-- Data follows --

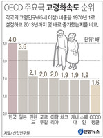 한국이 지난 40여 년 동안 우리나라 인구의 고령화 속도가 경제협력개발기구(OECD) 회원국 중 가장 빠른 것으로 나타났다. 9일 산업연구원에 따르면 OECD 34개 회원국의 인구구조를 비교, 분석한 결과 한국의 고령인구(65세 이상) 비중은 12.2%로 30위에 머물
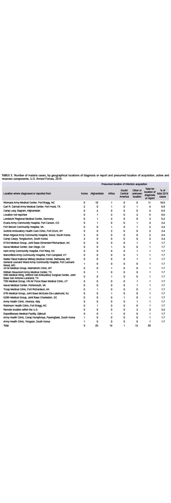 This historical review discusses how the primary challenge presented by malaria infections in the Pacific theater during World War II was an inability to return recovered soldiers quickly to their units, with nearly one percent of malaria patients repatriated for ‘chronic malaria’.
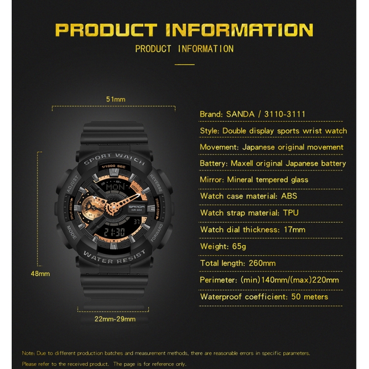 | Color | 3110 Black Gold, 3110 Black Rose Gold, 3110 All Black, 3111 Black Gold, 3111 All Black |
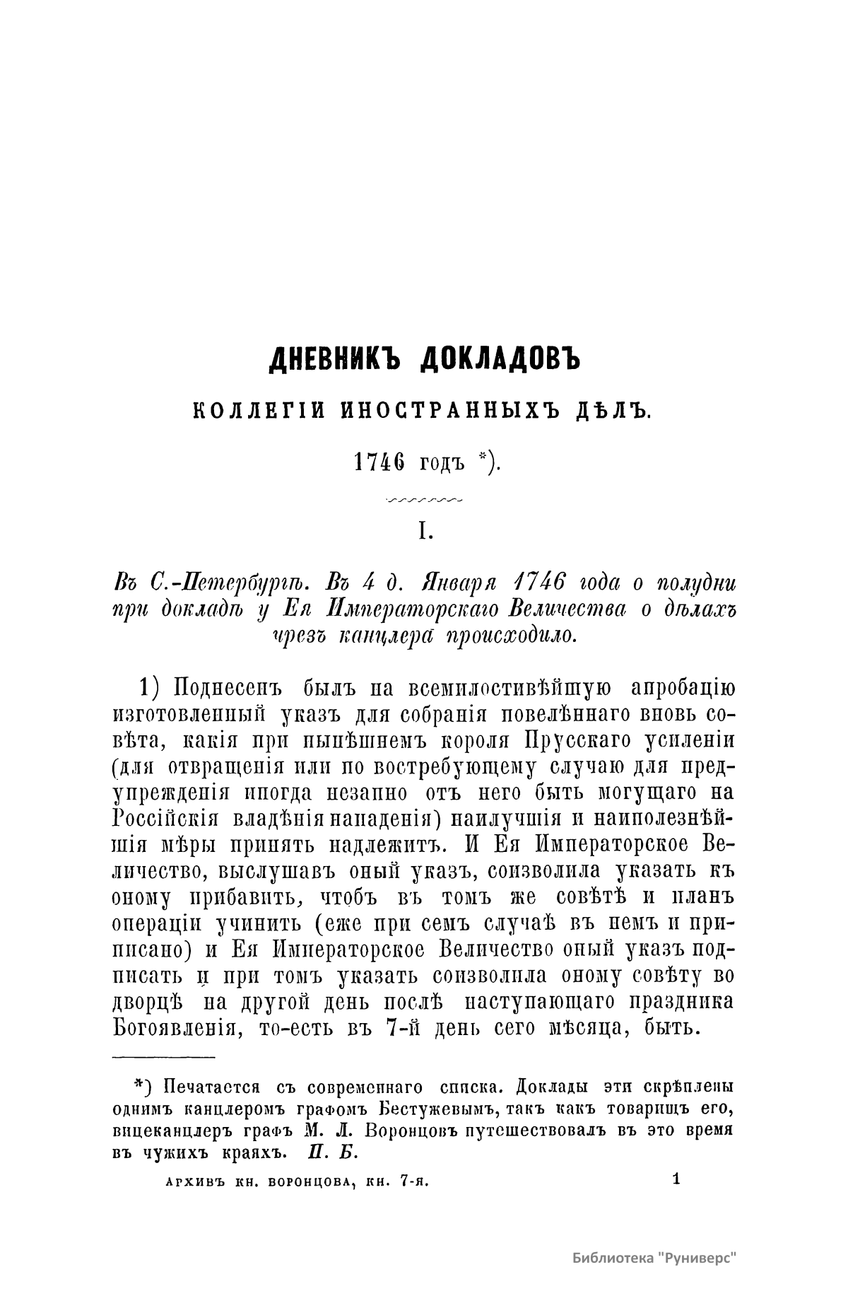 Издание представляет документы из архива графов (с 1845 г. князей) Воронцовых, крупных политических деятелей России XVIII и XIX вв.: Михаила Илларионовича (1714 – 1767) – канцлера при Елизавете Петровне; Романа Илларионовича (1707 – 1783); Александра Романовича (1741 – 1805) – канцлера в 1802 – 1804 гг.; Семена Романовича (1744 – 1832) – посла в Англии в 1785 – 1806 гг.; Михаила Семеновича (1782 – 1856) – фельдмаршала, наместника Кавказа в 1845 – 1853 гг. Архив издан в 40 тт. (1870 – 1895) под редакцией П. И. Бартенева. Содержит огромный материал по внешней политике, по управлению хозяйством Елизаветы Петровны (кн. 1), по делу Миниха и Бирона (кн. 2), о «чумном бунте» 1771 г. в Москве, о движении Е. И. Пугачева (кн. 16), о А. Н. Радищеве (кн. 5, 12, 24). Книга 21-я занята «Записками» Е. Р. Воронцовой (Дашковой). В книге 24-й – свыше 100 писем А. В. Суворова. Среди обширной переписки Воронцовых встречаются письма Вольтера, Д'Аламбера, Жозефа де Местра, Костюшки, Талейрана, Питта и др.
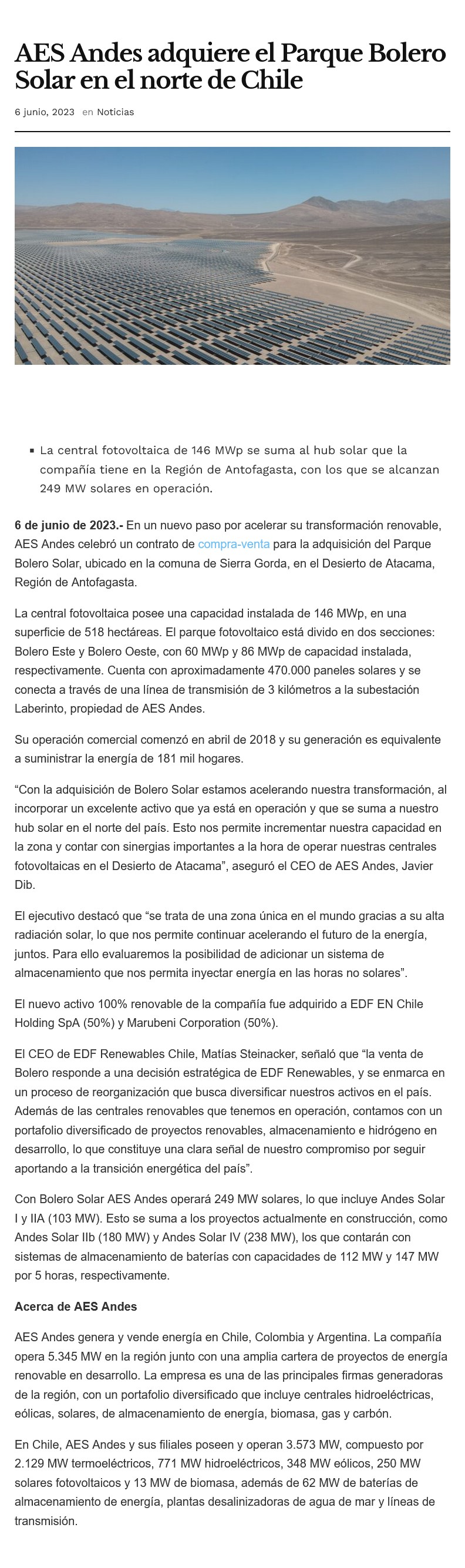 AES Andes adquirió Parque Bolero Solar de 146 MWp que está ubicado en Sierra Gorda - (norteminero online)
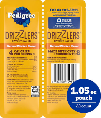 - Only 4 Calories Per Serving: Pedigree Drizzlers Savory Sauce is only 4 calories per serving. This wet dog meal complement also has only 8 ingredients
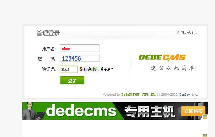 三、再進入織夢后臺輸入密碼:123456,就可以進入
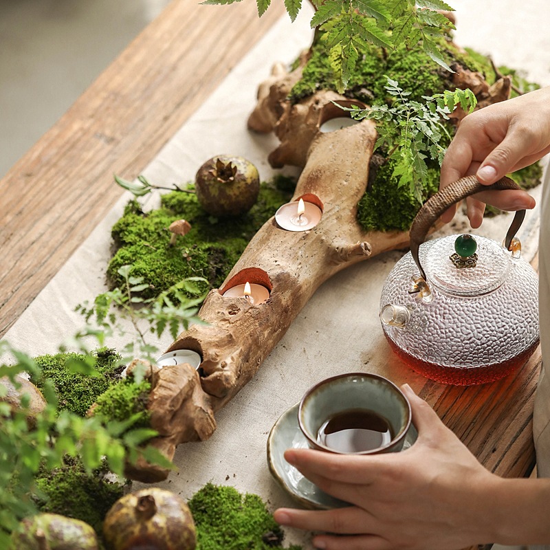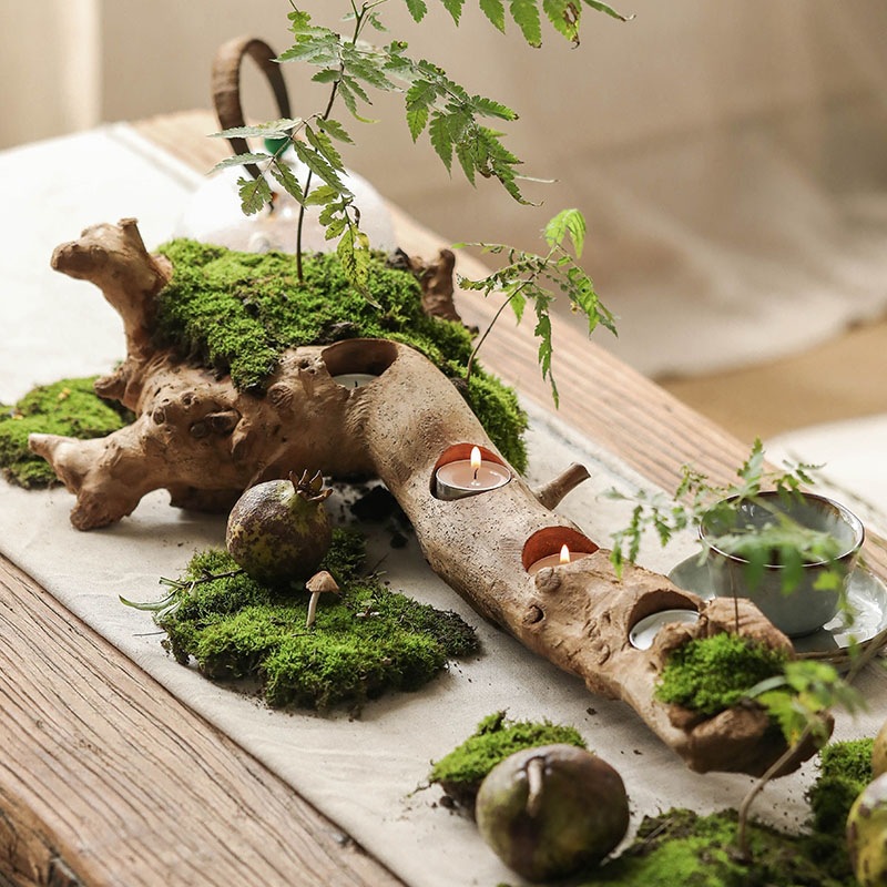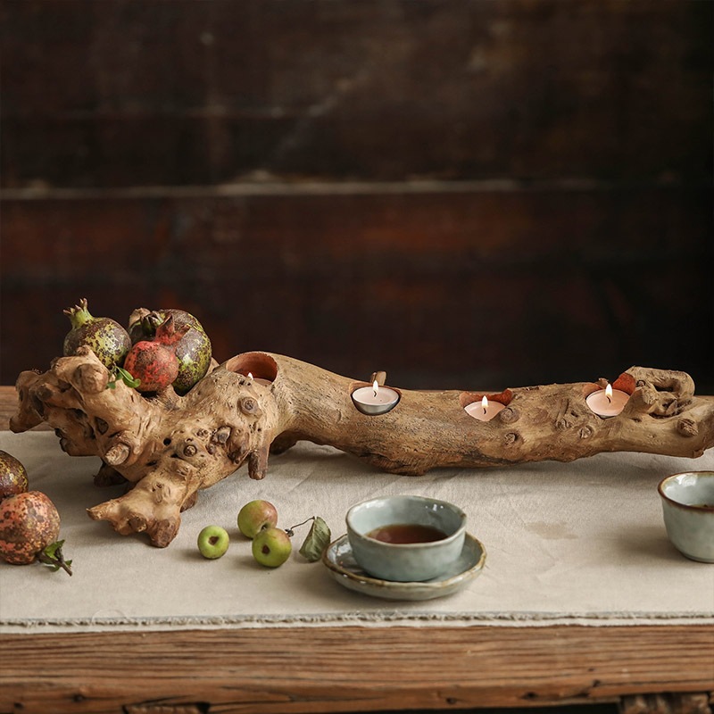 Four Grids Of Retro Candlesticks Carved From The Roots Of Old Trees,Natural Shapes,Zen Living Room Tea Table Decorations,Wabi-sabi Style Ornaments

-- Data concluded --
-- Data follows --

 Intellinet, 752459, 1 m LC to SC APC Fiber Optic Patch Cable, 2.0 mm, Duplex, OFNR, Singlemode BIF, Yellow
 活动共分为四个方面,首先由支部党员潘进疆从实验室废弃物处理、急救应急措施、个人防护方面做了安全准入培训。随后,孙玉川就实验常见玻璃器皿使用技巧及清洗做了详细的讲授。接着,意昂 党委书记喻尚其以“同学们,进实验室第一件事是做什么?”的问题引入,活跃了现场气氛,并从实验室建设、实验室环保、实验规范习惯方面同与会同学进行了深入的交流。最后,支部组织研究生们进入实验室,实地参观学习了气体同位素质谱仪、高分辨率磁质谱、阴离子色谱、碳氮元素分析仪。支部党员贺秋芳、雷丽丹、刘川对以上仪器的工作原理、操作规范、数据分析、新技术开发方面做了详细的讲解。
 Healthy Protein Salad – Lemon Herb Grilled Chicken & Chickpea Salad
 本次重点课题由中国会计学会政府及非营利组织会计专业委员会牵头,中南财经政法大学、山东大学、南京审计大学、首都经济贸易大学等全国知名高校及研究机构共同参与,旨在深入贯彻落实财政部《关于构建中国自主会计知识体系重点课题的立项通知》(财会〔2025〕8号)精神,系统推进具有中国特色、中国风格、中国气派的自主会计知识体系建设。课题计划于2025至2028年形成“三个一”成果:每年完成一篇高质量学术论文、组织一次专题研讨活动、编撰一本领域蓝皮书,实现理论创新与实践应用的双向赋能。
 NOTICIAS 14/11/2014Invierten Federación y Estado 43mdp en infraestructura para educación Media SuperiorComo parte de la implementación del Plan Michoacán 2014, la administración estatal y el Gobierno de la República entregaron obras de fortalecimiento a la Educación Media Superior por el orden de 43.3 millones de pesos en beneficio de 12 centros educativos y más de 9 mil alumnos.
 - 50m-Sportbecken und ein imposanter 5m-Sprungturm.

-- Data concluded --

> [Your objective]: Nothing but the lines above from the line with "- Only 4 Calories" up to and including the line with "Four Grids Of" should be returned, exactly as written and without pictures.

> [Answer]:
 - Only 4 Calories Per Serving: Pedigree Drizzlers Savory Sauce is only 4 calories per serving. This wet dog meal complement also has only 8 ingredients
 三、再進入織夢后臺輸入密碼:123456,就可以進入
 Four Grids Of Retro Candlesticks Carved From The Roots Of Old Trees,Natural Shapes,Zen Living Room Tea Table Decorations,Wabi-sabi Style Ornaments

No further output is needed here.